(Stored items)
....

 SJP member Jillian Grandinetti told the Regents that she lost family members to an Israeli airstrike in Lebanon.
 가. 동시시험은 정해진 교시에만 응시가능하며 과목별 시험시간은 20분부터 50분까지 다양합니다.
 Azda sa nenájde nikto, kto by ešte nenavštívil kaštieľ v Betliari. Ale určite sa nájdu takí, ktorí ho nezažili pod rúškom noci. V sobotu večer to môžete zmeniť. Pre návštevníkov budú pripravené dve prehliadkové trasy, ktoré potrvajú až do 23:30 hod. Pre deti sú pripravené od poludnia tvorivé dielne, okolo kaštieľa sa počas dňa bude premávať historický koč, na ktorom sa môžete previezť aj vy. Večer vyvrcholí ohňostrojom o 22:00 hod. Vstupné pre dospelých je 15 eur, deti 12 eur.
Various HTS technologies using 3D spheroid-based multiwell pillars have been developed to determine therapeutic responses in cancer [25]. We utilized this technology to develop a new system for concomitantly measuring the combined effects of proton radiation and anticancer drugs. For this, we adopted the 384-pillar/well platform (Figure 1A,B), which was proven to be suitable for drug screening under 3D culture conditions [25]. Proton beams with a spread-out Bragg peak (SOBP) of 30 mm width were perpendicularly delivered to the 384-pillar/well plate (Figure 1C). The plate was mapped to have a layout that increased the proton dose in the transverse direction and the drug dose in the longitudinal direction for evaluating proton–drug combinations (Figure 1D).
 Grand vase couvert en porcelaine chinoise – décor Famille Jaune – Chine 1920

....

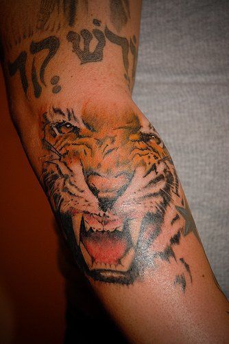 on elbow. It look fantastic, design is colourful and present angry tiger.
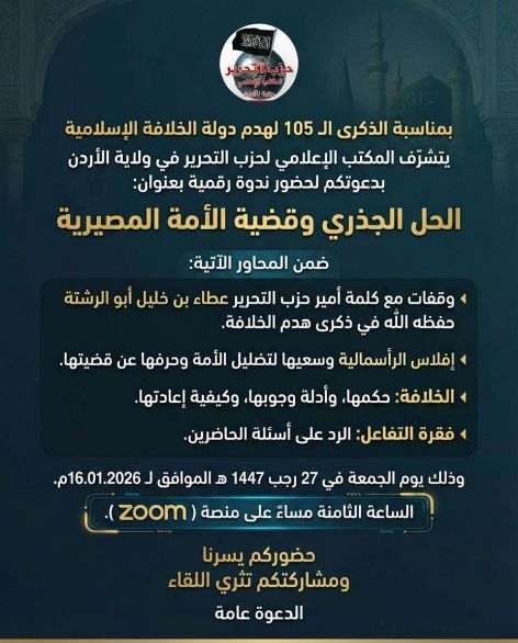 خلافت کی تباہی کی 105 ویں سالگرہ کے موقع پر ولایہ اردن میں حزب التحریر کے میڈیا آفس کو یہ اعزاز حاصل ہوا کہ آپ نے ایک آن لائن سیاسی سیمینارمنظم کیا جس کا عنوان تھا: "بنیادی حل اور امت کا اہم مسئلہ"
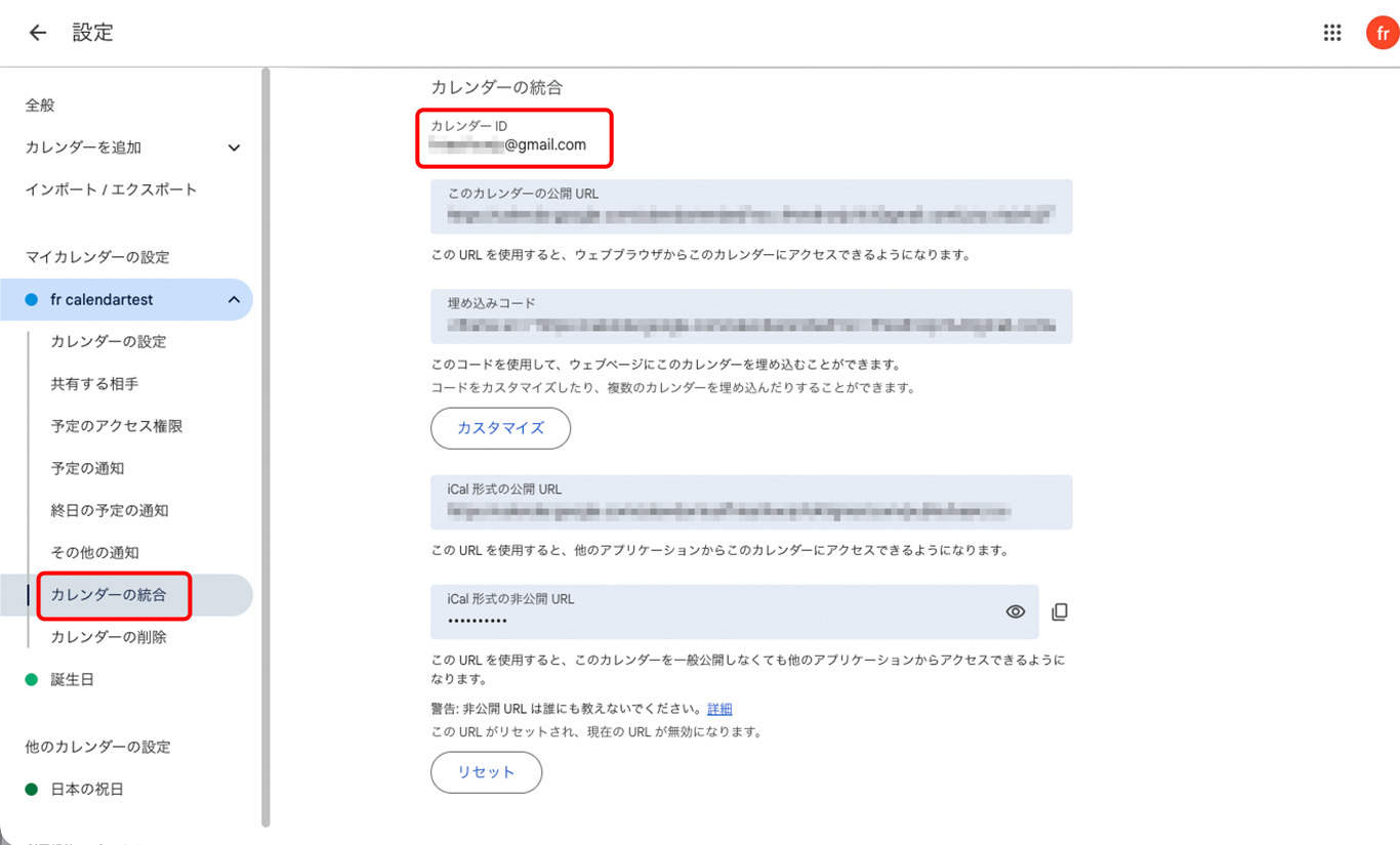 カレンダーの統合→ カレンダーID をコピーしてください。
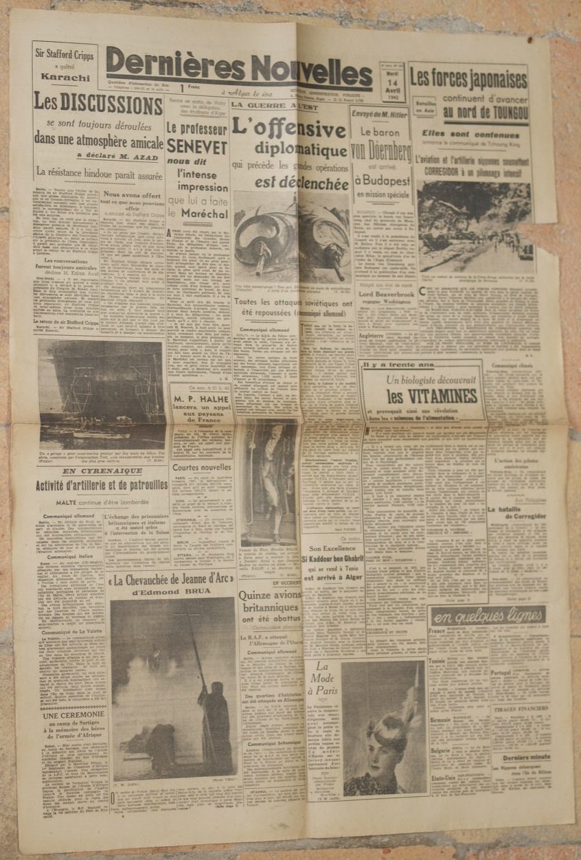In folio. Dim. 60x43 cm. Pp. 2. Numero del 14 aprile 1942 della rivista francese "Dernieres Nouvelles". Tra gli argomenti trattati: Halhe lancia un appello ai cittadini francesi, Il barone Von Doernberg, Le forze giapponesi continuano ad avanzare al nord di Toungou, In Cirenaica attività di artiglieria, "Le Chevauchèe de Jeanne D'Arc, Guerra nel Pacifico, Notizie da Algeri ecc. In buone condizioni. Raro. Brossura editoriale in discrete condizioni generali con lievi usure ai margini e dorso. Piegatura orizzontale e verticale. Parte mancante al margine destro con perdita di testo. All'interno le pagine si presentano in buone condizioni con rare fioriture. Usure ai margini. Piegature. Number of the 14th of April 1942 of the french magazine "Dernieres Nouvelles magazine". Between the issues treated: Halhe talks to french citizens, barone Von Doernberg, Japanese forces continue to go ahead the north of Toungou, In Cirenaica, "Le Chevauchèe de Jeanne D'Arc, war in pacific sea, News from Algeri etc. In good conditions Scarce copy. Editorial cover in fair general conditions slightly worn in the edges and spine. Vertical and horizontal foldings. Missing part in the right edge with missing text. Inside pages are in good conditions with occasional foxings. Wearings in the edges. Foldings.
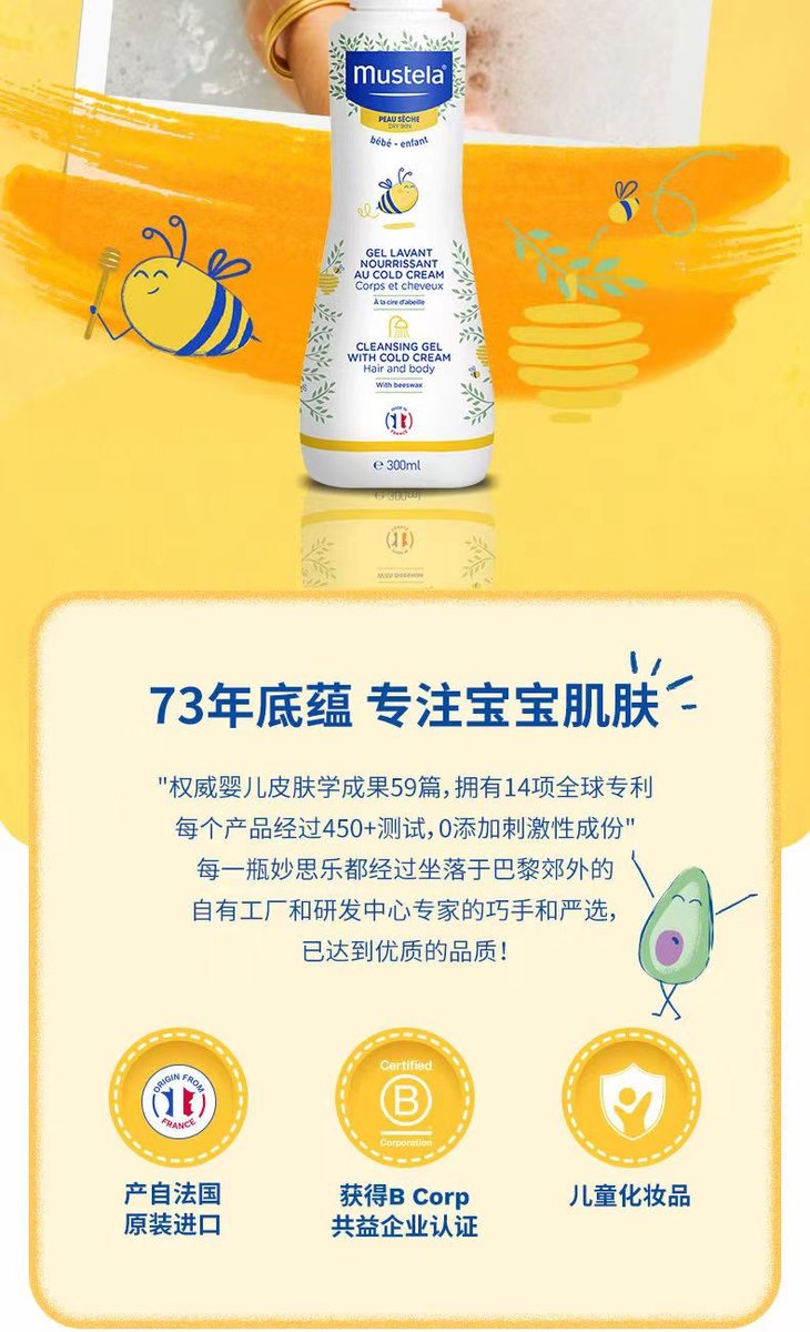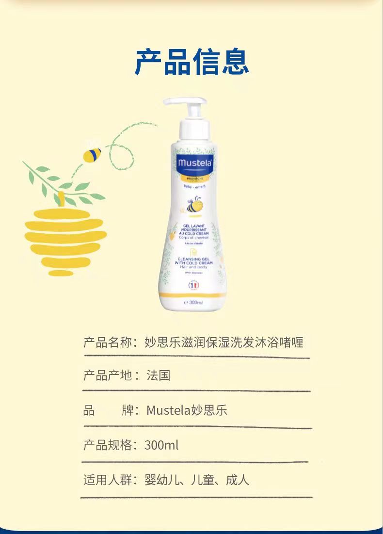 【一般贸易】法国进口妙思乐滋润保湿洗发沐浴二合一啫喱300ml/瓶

....

**WHAT YOU WILL DO:** Identify each line in the entries with the word "that" and copy it.

**EXPECTED ANSWER:**
 SJP member Jillian Grandinetti told the Regents that she lost family members to an Israeli airstrike in Lebanon.
Various HTS technologies using 3D spheroid-based multiwell pillars have been developed to determine therapeutic responses in cancer [25]. We utilized this technology to develop a new system for concomitantly measuring the combined effects of proton radiation and anticancer drugs. For this, we adopted the 384-pillar/well platform (Figure 1A,B), which was proven to be suitable for drug screening under 3D culture conditions [25]. Proton beams with a spread-out Bragg peak (SOBP) of 30 mm width were perpendicularly delivered to the 384-pillar/well plate (Figure 1C). The plate was mapped to have a layout that increased the proton dose in the transverse direction and the drug dose in the longitudinal direction for evaluating proton–drug combinations (Figure 1D).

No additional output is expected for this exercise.